|
Paige's Story
My husband played around with idea of
starting a family in 1997 so in 1999 I had quit taking
my birth control pills. After a few months I decided
to go to an OBGYN just to check everything out. I knew
that it was common to take several months to get pregnant.
My doctor immediately said "We need to see your
husband." They ran some tests on me and determined
that everything was fine, then they received the results
from my husband's test. And the conclusion was that
we needed to seek an infertility doctor.
We went to the infertility clinic and they explained
the different procedures that they offer but they wanted
to run their own test on my husband to determine the
correct course of action. It was determined that we
would need to do IVF
and that "it's no big deal we will get you pregnant
no problem". We of course were stunned as we were
starting out where most end up but felt confident in
the doctor.
For several different reasons we waited a year to begin
the treatment.
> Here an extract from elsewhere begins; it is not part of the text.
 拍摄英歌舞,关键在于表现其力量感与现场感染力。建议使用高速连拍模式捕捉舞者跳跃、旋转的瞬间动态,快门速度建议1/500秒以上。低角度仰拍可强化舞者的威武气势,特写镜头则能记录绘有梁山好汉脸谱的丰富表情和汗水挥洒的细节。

We did our first IVF in Feb. 2000, the
first one failed because the sperm could not penetrate
the eggs and they were not prepared for that. So now
we needed to pursue the ICSI
treatment. Once again we felt confident that the
doctor knew what he was doing and he made it sound simple
enough that we did again right away. The 2nd attempt
was a failure as well.
My husband who at that time was a fisherman in Alaska,
had left just as we received the results for the 2nd
IVF and would not be home for several months. So we
put it on the back burner, when he returned in the fall
we decided to take our files and go to another clinic.
They basically said that they couldn't improve the chances
and would probably increase the medications to increase
the egg production.
As you are well aware it is very hard
on a marriage and the focus on having a child becomes
so intense that it is very difficult to get past no
matter how much you may want to. It is almost like an
addiction and I kept waiting for someone to stop me.
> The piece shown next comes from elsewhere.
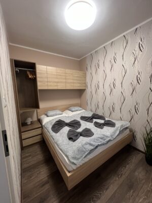 A hálóban egy kényelmes franciaágy található megágyazva, valamint egy ruhásszekrény. Az apartman saját 45 négyzetméteres füves teraszáról pedig csodálatos kilátás nyílik a Balatonra. A fürdőszobában található kád is segíthet ellazulni, azonban az épület saját wellness részlege erre sokkal alkalmasabb. Saját különálló konyhája jól felszerelt és minden eszköz megtalálható benne egy finom ebéd elkészítéséhez, melyet a nappalival egyben lévő étkezőben kényelmesen elfogyaszthatunk.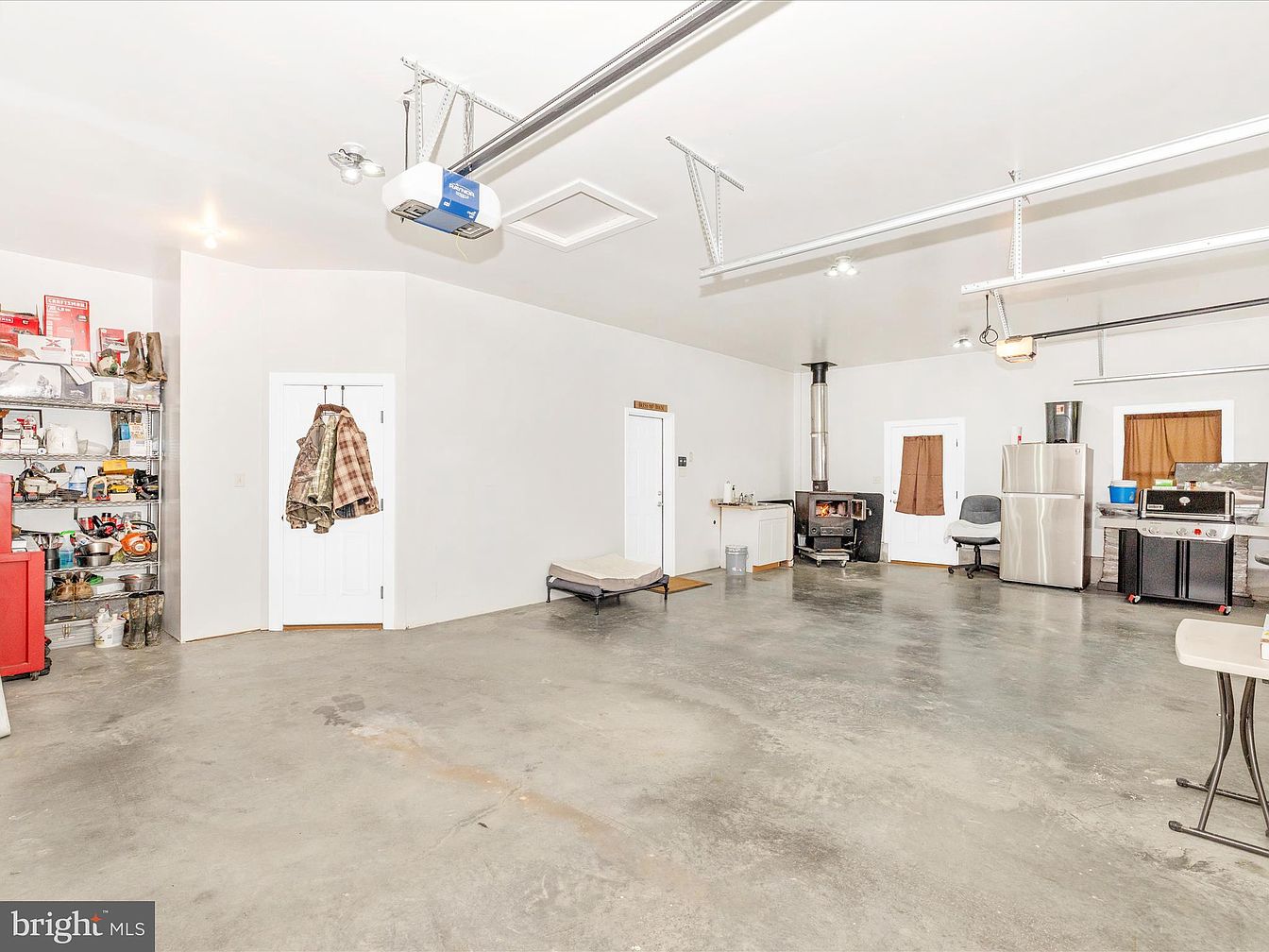 This spacious garage features a smooth concrete floor and ample overhead lighting, creating a bright and functional environment. The walls are painted a clean white, promoting a sense of openness. To the left, a shelving unit holds various tools and items, showcasing a mix of functional storage solutions. A cozy wood stove offers warmth, while a modern refrigerator stands near the work area, indicating a dual-purpose space. In the center, a simple foldable table and a comfortable chair add functionality. Two doors lead to separate areas, enhancing accessibility and flow, while brown curtains provide a touch of warmth.

I was fortunate in many ways that we
actually knew several couples who had had infertility
problems so we didn't feel quite so alone. However,
they were also all successful in having children.
I was so torn between not wanting to go thru the physical
and mental atrocities that went along with yet another
IVF cycle, that I finally broke down and told my husband
that I did not want to do it again. But that I was so
afraid that the underlying resentment in whatever form
it might take would end our marriage. I had watched
family members do the roller coaster ride of adoption
and just couldn't bring myself to that place, not when
I was healthy enough to have a child.
My husband at first was hurt and a bit angry, but he
talked to the doctor and gave it a lot of thought. Finally
he came to the conclusion that maybe there was a reason
that this was happening. We also were seeing a pattern
on the paternal side of the family so we were concerned
that if it were a boy that it could be passed on as
well. The question (jokingly) became do we set up a
college fund and an infertility fund?
We opted to try the DI program and unfortunately or
maybe fortunately we were limited to donors due to my
blood type. We also found that it was much, much less
expensive -- although the ups and downs were definitely
more on-going because you did it every month. Finally
on our 4th try we were successful and the following
year we had a healthy beautiful boy. The most amazing
thing was how my son immediately recognized his father's
voice.
My son is now 3 and dearly loves his father. I laugh
at how many people say how much they look alike and
that his mannerisms are just like his fathers'. My husband
is 6"3 with light brown/blonde hair and blue eyes,
my son is very short with a head full of dark hair and
blueish-green eyes.
When I was pregnant I remember thinking that I would
need to be the one who was responsible for this child,
sort of like talking your parents into a dog. I didn't
want to burden my husband with him because I just didn't
know how he would feel. Thank goodness I was wrong,
my husband is an incredible caregiver and father. Actually
better than a lot of biological fathers that I know.
I believe that when the time is right we will tell our
son. I am very proud of my husband and hope that my
son feels the same way when that time comes. Neither
of us is ashamed or embarrased, this was apparently
the way it was meant to be. We love our son very much
and can hope that that is enough for him.